I am pissed

I am pissed
0

Ok. I was feeling good and then f-ing bam! During my relationship with narctard I had a gut feeling the whole time about him and my BEST FRIEND! I even mentioned it to him many times....always ended up in a fight. Of course my faul because I am insecure and blah, blah, mother fucking blah.

Needless to say prior to our relationship ending my friendship with her ended. the final D & D came the night before his 50th birthday. The ex best friend called him and of course he palyed it off as if it was innocent. I was done by this point. I AM NOT STUPID! They both are blocked on FB but there is one mutual friend (or so I thought was a friend) that he and I still have (Yes I have blocked this person now) but tonight on his (the mutual friend) FB he friended my ex best friend.
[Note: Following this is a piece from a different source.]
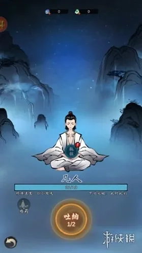 1、进入游戏,水墨画风真实展现,进入洞府,开始修炼,开始练习吐纳,一呼一吸吐故纳新。
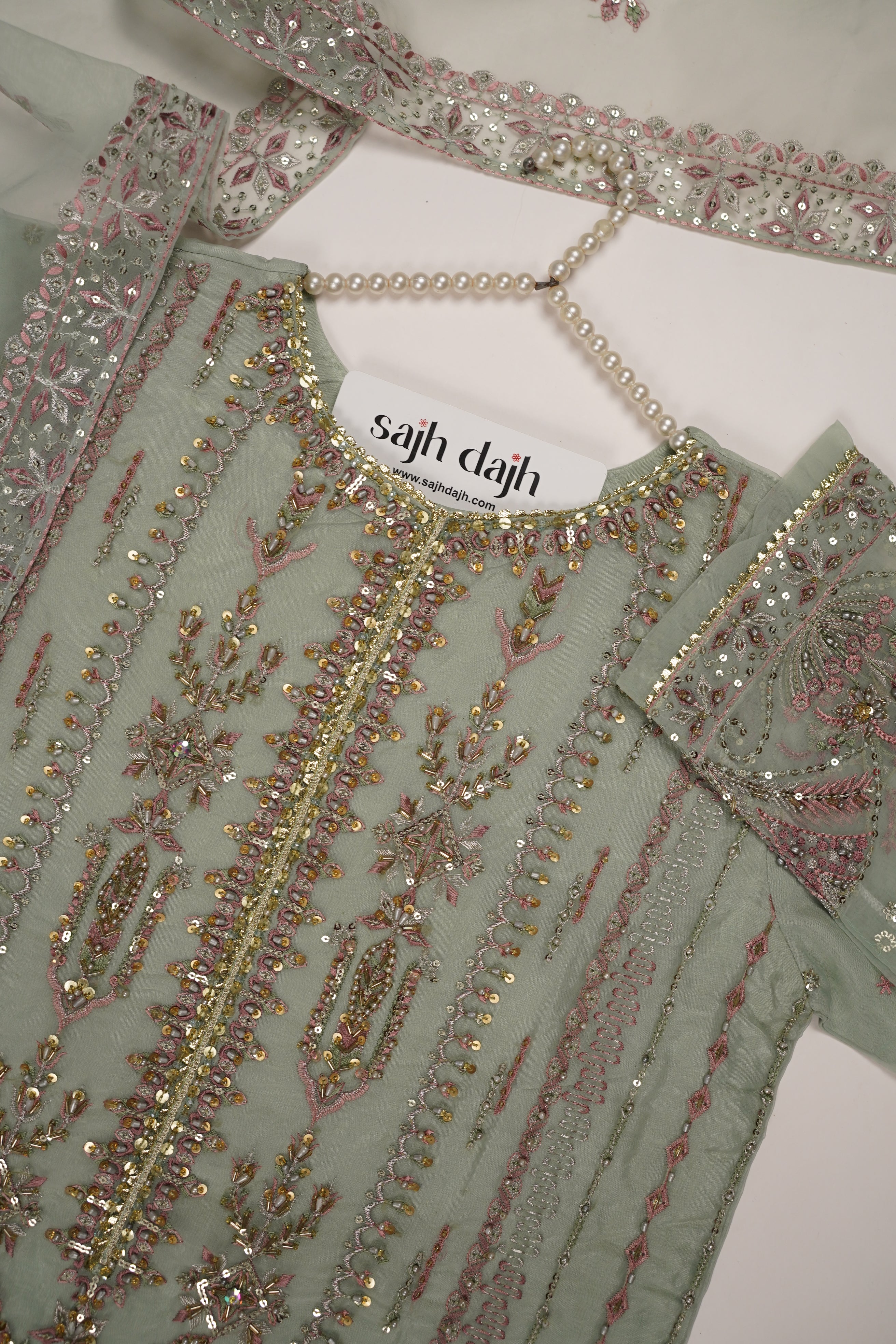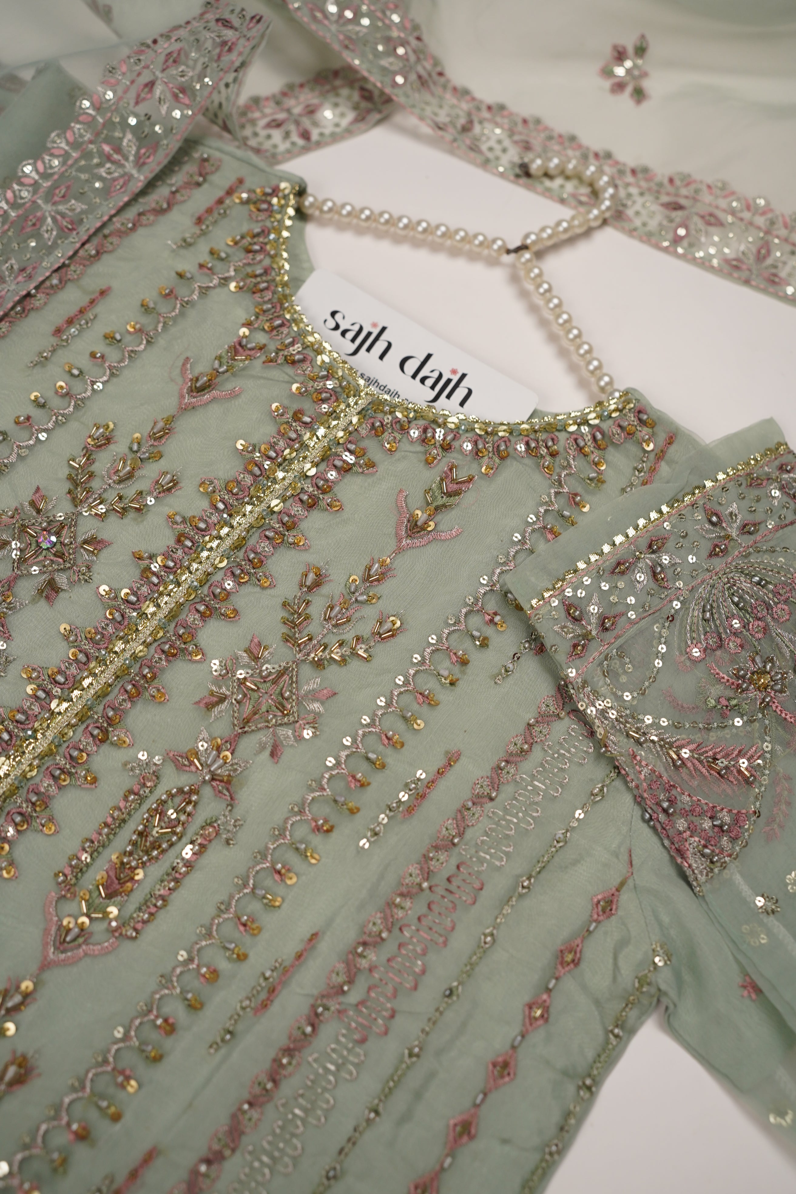 Elevate your style with this elegant ladies organza suit, featuring delicate embroidery and a luxurious sheer texture. The lightweight fabric drapes beautifully, offering both grace and comfort. Ideal for festive occasions and formal gatherings, this outfit blends traditional charm with modern sophistication for a timeless, captivating look.

Long story short the whole group defriended her when I did and called her a crazy bitch balh, blah, blah...but my gut always told me there was something going on. The only connection between this mutual friend and my ex best friend is narc tard. Yes, this is no doubt his latest supply.

The thing that pisses me off is the fact that whenever I called him on his behavior with her he'd tell me I am crazy blah, blah, balh, and now it has all been revealed. So I am pissed at myself becuase I should have listened to my gut all along.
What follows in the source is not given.